++++ SOURCE MATERIAL
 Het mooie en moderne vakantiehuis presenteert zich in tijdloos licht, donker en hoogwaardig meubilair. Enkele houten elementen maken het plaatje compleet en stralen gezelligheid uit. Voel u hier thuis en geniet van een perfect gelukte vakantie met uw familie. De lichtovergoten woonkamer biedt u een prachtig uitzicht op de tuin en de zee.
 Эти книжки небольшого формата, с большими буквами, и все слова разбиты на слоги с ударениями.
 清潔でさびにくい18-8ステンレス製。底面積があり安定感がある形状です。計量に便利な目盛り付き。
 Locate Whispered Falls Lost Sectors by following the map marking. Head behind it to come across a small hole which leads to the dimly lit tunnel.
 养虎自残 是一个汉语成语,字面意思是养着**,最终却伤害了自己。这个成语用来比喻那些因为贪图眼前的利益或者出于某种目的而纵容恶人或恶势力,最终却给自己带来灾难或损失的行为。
++++++++
++++ SOURCE MATERIAL
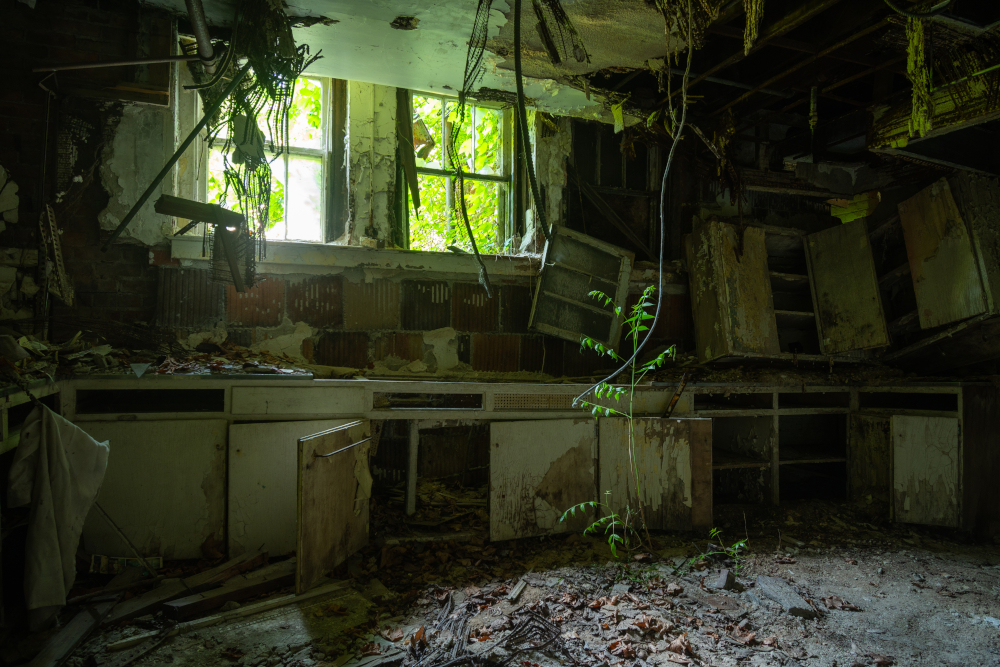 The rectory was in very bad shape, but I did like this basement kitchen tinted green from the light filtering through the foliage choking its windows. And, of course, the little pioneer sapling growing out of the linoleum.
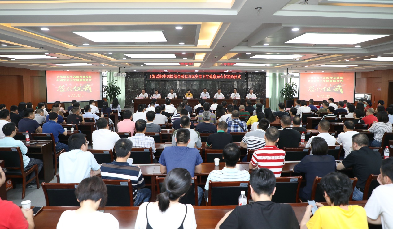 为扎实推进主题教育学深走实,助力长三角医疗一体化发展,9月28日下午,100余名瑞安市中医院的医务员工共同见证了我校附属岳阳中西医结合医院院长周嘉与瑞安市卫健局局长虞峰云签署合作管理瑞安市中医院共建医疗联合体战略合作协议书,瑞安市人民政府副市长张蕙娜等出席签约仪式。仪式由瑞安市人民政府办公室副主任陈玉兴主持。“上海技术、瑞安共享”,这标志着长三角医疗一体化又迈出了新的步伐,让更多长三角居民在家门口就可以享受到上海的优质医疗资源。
++++++++
++++ SOURCE MATERIAL
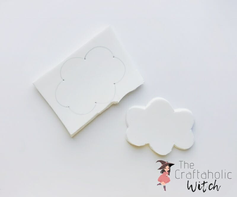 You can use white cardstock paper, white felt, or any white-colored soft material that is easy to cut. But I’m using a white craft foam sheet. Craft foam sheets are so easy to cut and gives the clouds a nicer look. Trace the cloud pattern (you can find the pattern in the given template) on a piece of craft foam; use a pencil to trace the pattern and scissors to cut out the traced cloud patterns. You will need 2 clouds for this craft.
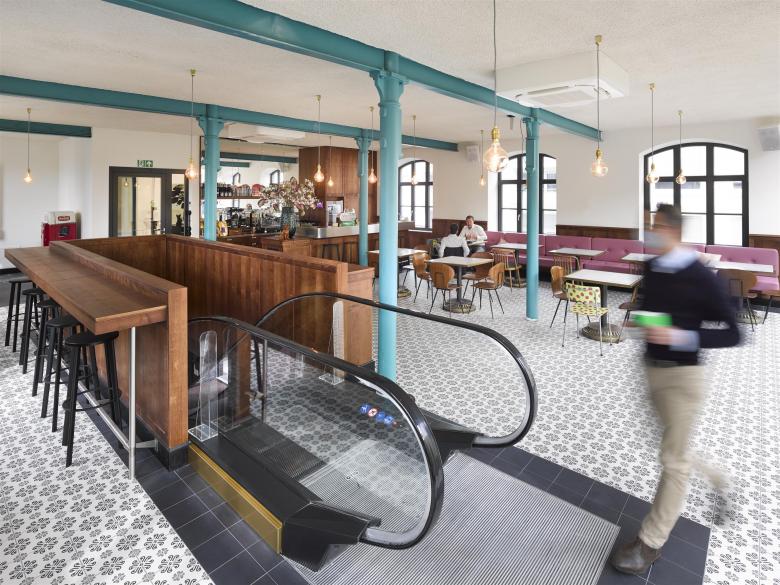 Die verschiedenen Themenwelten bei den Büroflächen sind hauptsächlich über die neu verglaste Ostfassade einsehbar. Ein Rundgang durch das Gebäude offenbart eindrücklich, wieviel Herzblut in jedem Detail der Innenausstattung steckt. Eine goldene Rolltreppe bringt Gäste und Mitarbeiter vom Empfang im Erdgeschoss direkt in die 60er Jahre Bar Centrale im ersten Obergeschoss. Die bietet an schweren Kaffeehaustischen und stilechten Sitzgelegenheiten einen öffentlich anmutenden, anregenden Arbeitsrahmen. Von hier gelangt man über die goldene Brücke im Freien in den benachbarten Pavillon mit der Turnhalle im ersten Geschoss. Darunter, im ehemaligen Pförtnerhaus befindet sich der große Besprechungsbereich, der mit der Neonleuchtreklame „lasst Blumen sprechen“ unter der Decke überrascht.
++++++++
◆ THE TASK
Return, with no change at all, every line in the entries above from the line containing "Het mooie en" through the line containing "养虎自残 是一个汉语成语,字".

◆ RESULT OF THE EXERCISE
 Het mooie en moderne vakantiehuis presenteert zich in tijdloos licht, donker en hoogwaardig meubilair. Enkele houten elementen maken het plaatje compleet en stralen gezelligheid uit. Voel u hier thuis en geniet van een perfect gelukte vakantie met uw familie. De lichtovergoten woonkamer biedt u een prachtig uitzicht op de tuin en de zee.
 Эти книжки небольшого формата, с большими буквами, и все слова разбиты на слоги с ударениями.
 清潔でさびにくい18-8ステンレス製。底面積があり安定感がある形状です。計量に便利な目盛り付き。
 Locate Whispered Falls Lost Sectors by following the map marking. Head behind it to come across a small hole which leads to the dimly lit tunnel.
 养虎自残 是一个汉语成语,字面意思是养着**,最终却伤害了自己。这个成语用来比喻那些因为贪图眼前的利益或者出于某种目的而纵容恶人或恶势力,最终却给自己带来灾难或损失的行为。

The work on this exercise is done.